“ALBÜM” FİLM DEĞERLENDİRMESİ



            Fragmanını izleyip “izlemeden de iyi film olduğunu söyleyebilirim” dediğim filmler gibi bu da kötü çıktı. Rumen yeni dalgasına yakın, kara mizah dolu bir film diye şişirilen filmde sadece bir iki kere tebessüm etmişimdir. Filmde güldüren noktalar var ama sinemada bu filme gülenlerle bizzat tartışmak isterim çünkü film bir komedi filmi değil. Filmde olan olaylar, durum komik. Bu da filmi salt bir komedi filmi yapmıyor. Yani izledikten sonra göbeğinizde kramplar falan oluşmuyor.
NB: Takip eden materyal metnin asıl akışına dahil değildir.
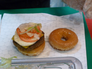 The Luthor! A cheeseburger topped with lettuce, tomato, bacon, and a fried egg sandwiched between two Krispy Kreme doughnuts. And only 1500 calories.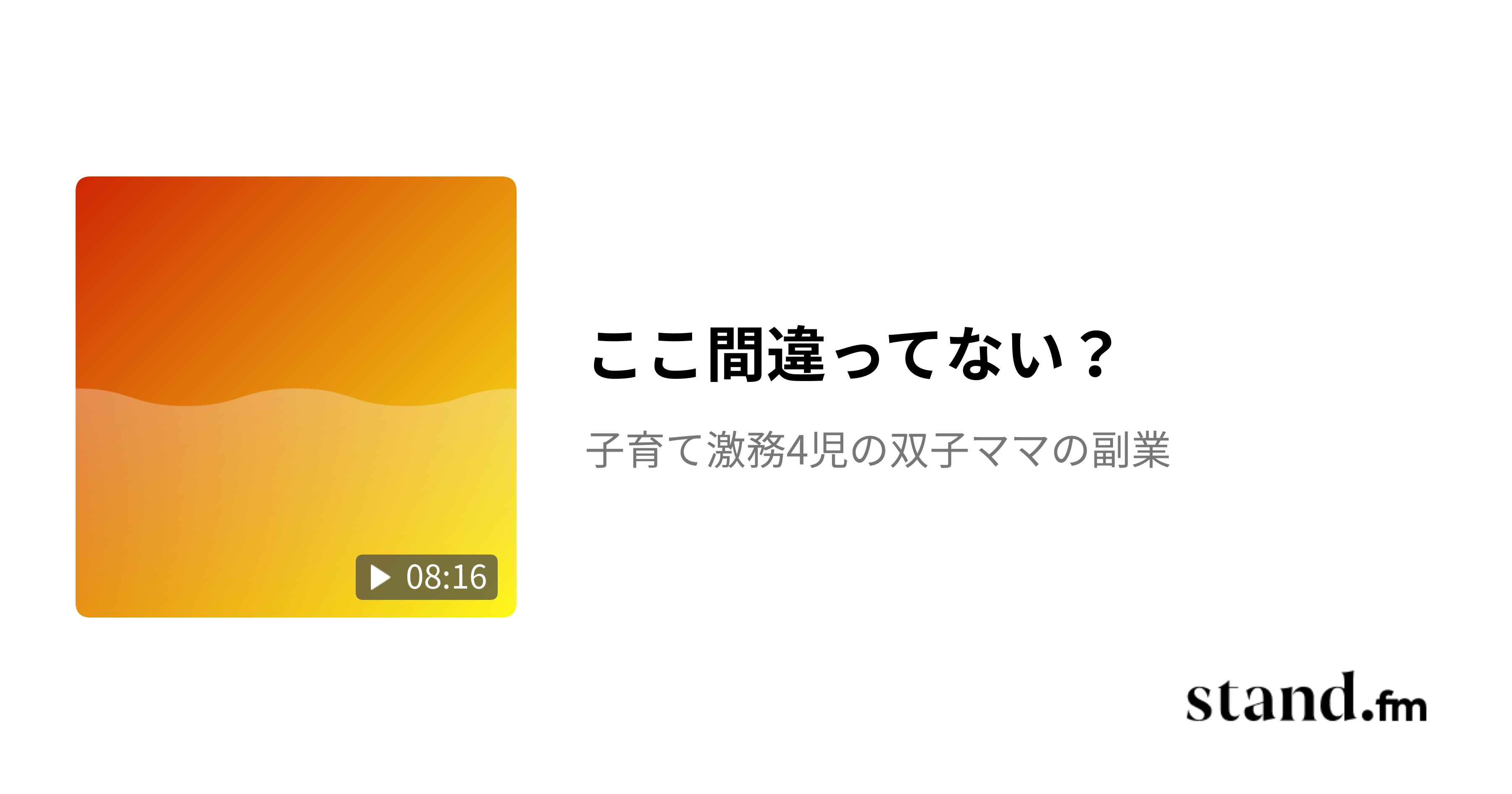 ここ間違ってない? - 子育て激務4児の双子ママの副業 | stand.fm副業初心者ママの相談室 ↓ https://coconala.com/services/2680124 #ココナラ出品 #売れない #初心者 #副業さがしてます #在宅ワーク #お小遣い #節約 #副業 #スマホ副業 stand.fm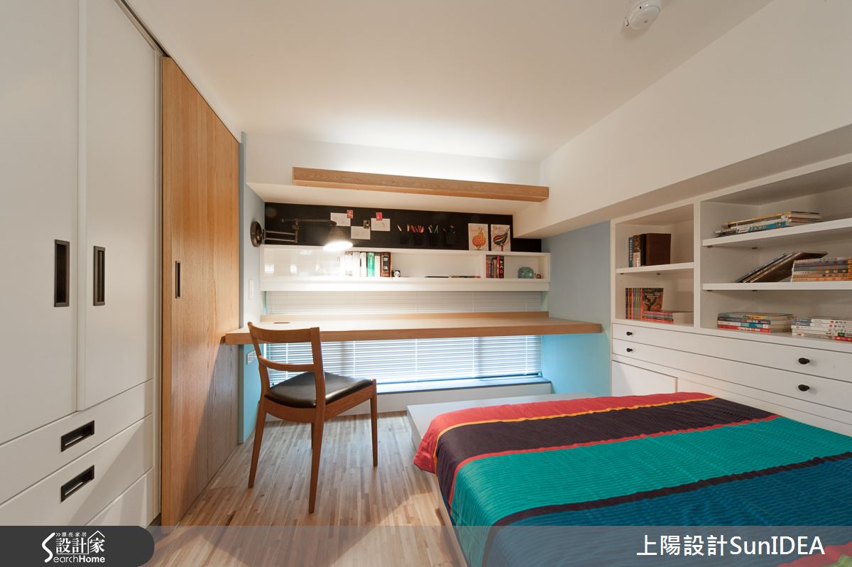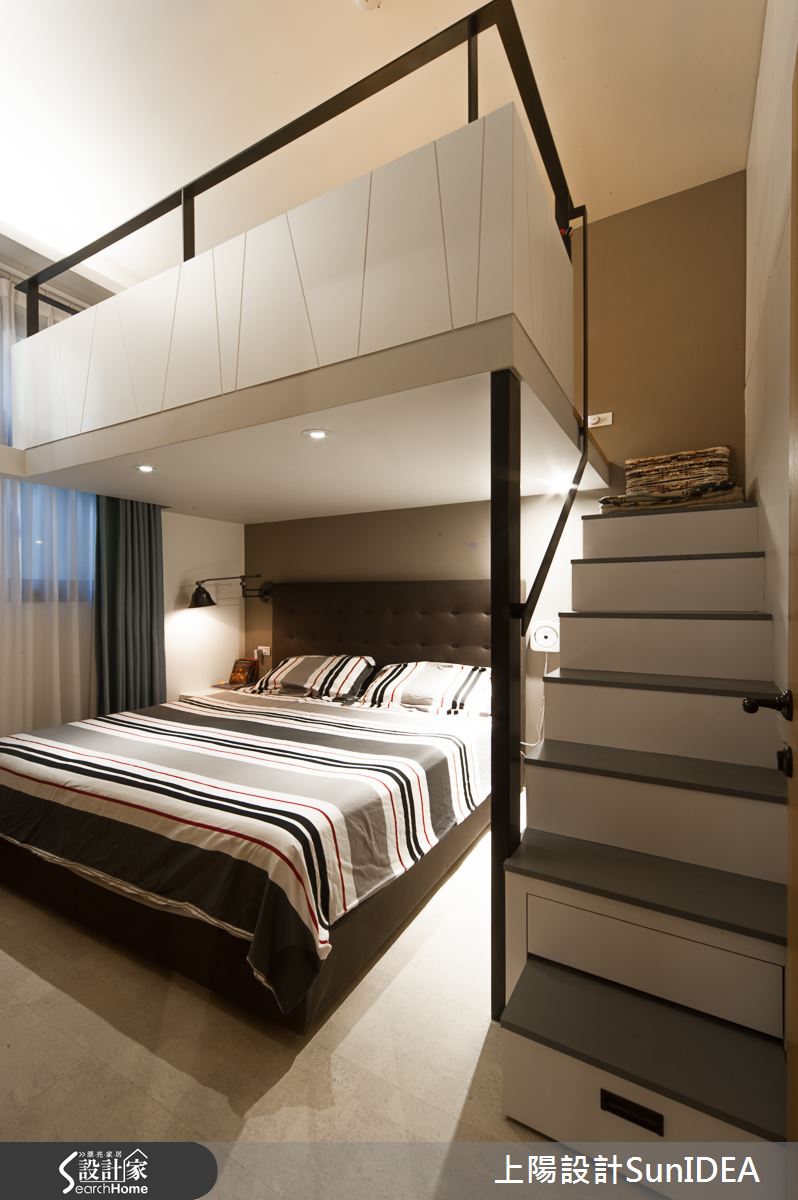 次臥雖位於小夾層內,但在設計上也不遑多讓,透過櫃體的聰明規劃、畸零地帶的妥善運用,使房間空間雖小但五臟俱全,呈現小而美、實用性的寢居視野!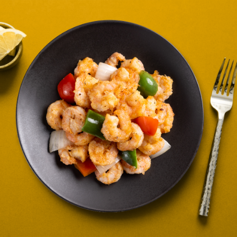 Tender shrimp seasoned with Cajun spices, stir-fried with onions and capsicum for a flavorful and juicy bite.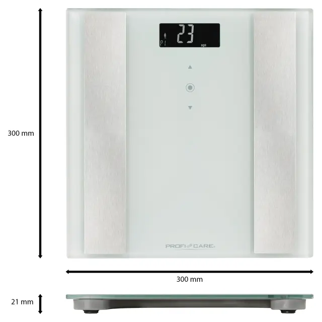 Elektronska steklena osebna tehtnica Profi Care PC-PW3007FA omogoča natančno merjenje telesne teže ter celovito analizo telesne sestave, vključno z maščobo, vodo, mišično in kostno maso, visceralno maščobo, ITM ter dnevnimi energijskimi potrebami (MBR). Opremljena je z jasno berljivim LCD-zaslonom, samodejnim vklopom ob stopanju in veliko površino iz varnostnega stekla z nedrsečimi nogicami. Primerna je za vsakodnevno domačo uporabo.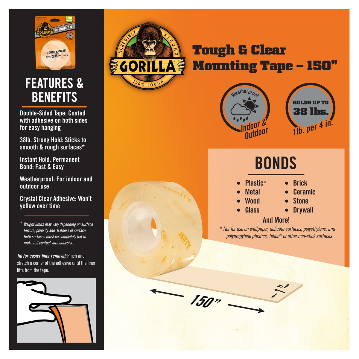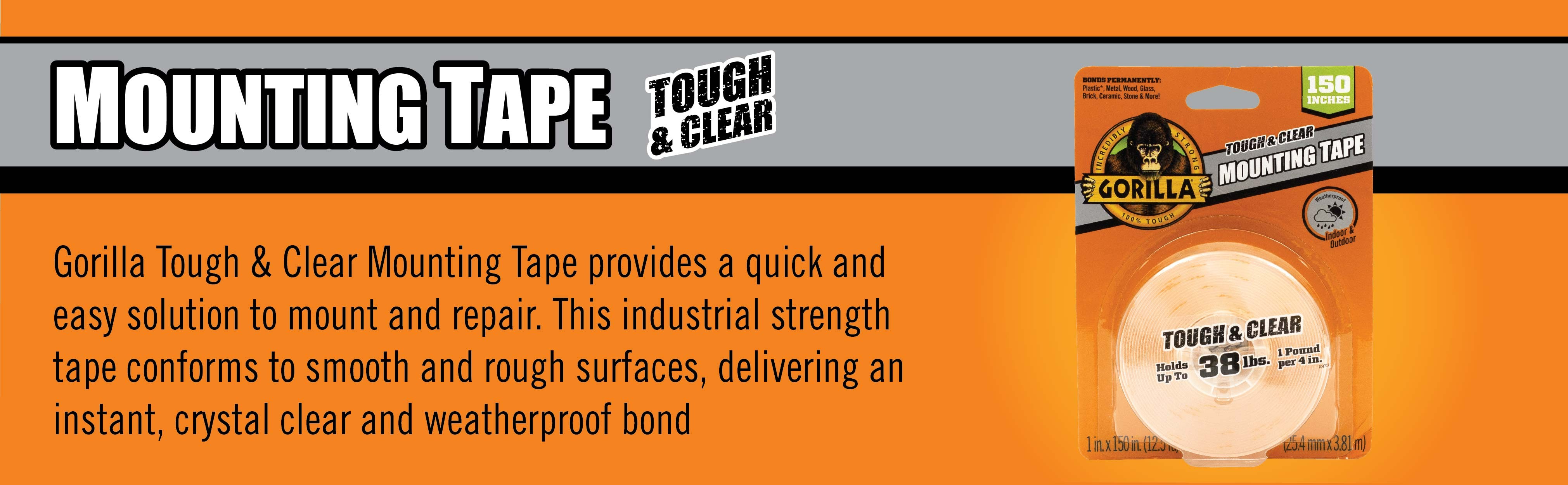 Gorilla Tough & Clear Mounting Tape is a clear double-sided tape that mounts in an instant, for a permanent, weatherproof bond. The crystal clear adhesive tape won’t yellow over time, and holds up to 15 pounds! Gorilla Tough & Clear Mounting Tape is perfect for indoor and outdoor projects and sticks to smooth and rough surfaces. Completing DIY projects is easy with this tough, double sided tape. Mount, build, and repair!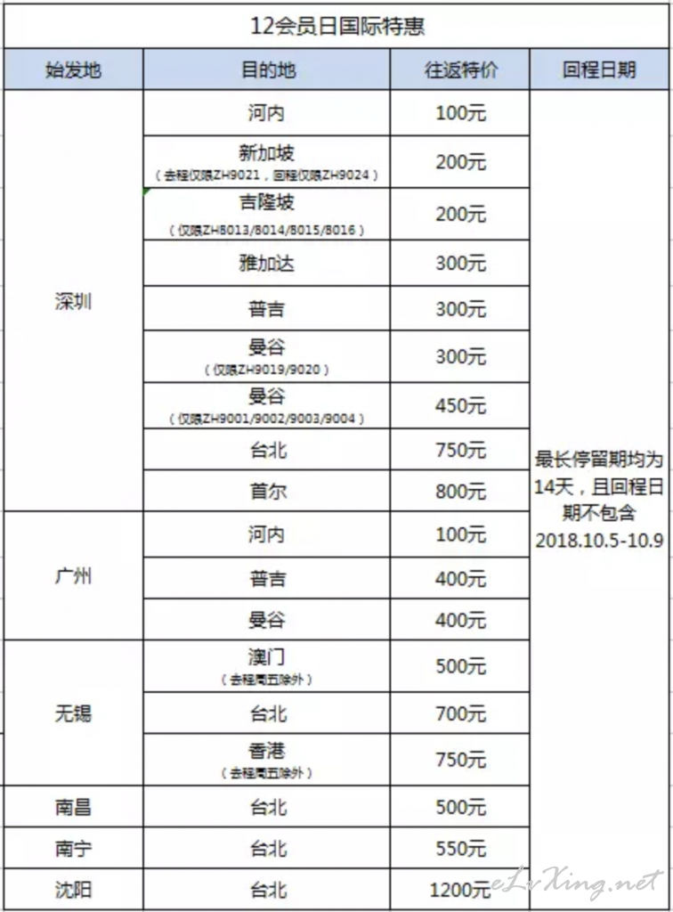 1、购票日期:2018.09.12 2、去程日期:2018.10.05-10.27 3、回程日期:2018.10.10-10.27 4、购票渠道: 深航官网、深航APP、深航微信、客服热线95361、深航官方旗舰店 ...

Filmin içindeki metaforlar ne kadar iyi ve yerinde olsa bile bunu yansıtma biçimi yanlıştı. İnsanı sıkan bir durağanlığı vardı. Tarkovsky, Nuri Bilge Ceylan, Semih Kaplanoğlu filmlerini izlerken böyle bir duyguya kapılmıyorsunuz ama bu filmde olan şey tamamiyle sıkıcılık. Bilinçli yapılmış bir şey de değil bu. Akmıyor. Burada aslında yönetmenin de pek bir şey yapabileceğini düşünmüyorum. Siz bir şey hayal ediyorsunuz, kendi birikiminize göre yazıp çiziyorsunuz ve çekimden sonra ortaya çıkan işin sizin beklentinizi karşılamadığı zamanlarda oluyor. Film beklentimi karşılamamış olsa bile yönetmenini bu kadar karalamamakla birlikte ikinci, üçüncü filmlerini görmek lazım derim. Belki yıldızlar uyuşmadı, hikayeyi anlatım tarzı yanlıştı, bazı sahneleri gerektiği gibi çekemedi, teknik imkansızlıklar vardı vs. dediğim gibi; film, anlatım tarzında dolayı ne kadar sevimsiz olsa bile göstermek istedikleri ve bunu gösterme şekli yönetmenini takip etmemiz gerektiğini izleyiciye fısıldıyor. Finali ise oldukça muallak. Bazı filmlerinin finalinin muallakta kalması seyircinin hoşuna gider. Buradaki kesinti ise tamamiyle fiyaskoydu.